I’ve been trying to keep to writing every other day, but today was exceptionally tough and I’m staggering over words in my head. So above is a pic to remind myself one of the major reasons why I take on difficult situations like today’s and why I need to keep fighting (and stop chastising myself over not reconstructing everything immediately), and of coure, the pic is for your enjoyment as well. As my friend told me earlier, “Give yourself a break, Lorne!”

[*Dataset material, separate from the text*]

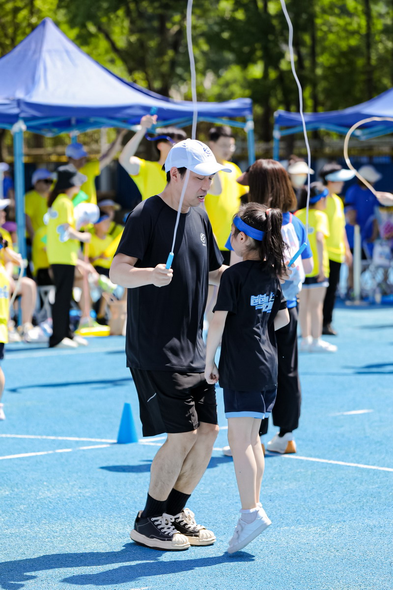 親子跳繩賽之前,孩子們和家長們就在家里苦練多日,今天一定要好好秀一把。通過親子跳繩,孩子與家長之間的感情得以升溫、信任得以提升。
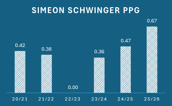 Keine Ahnung, Schwinger ist halt ein Roleplayer, der heuer eine Ausreiser Saison nach oben hat, mir ist der bis heuer genau Null aufgefallen.

4 thoughts on “A Pic To Give Myself a Break

  1. Permalink  ⋅ Reply

    Danielle

    July 11, 2013 at 3:27am

    hi Lorne! For what is worth, I think your blog writing has been fabulous. You are, right now, a great writer and I have enjoyed your insights and how brave you have been putting your thoughts out there for the world! I really liked your James Gandolfini post – gave me a whole new insight on how people who are familiar with therapy watched the show. Your posts on parenting will help parents who are struggling with the same issues and have reminded me how far Oscar and I have come…mistakes and all 🙂 Keep it up!

    • Permalink  ⋅ Reply

      Lorne Jaffe

      July 12, 2013 at 7:41pm

      Thx Danielle!

  2. Permalink  ⋅ Reply

    M

    July 11, 2013 at 6:31am

    That smile is what it’s all about!!!:D

    I have always commented to my son that it takes me a whole year to get it just right and THEN!! he has to go and get a year older! which means me starting all over again learning how to be a mom to an older kid. 😉

    Early on, I realized that he and I were learning this whole parent/child thing side by side. We have taught each other many things (though not always intentionally.) I am now learning/grasping how it feels to be the mom of a young adult son and “all that that implies”. You never stop learning, and I am very thankful that I’ve gone through this experience because my son made me deal with and face my extreme timidity, my crippling low/lack of self-esteem and my self-loathing. Most of all, he forced me to take back what had been taken from me- my rights as a person, my voice! I was raised in such a way that only allowed/accepted total submission and that punishment was ever present. Imagine getting punished because you couldn’t finish all your dinner, or because you asked a simple question. I know you can understand how amazingly difficult it is to be the parent your child needs you to be while fighting every urge to bail and go hide under a rock somewhere or worse. I tell my son to this day that I have learned so much from being a parent, more than he’ll ever know. He was the one and only reason I learned how to drive even though I had a hysterical fear of driving. I believe that my son has done an amazing job raising a parent!!! I think I’ve turned out pretty good.:)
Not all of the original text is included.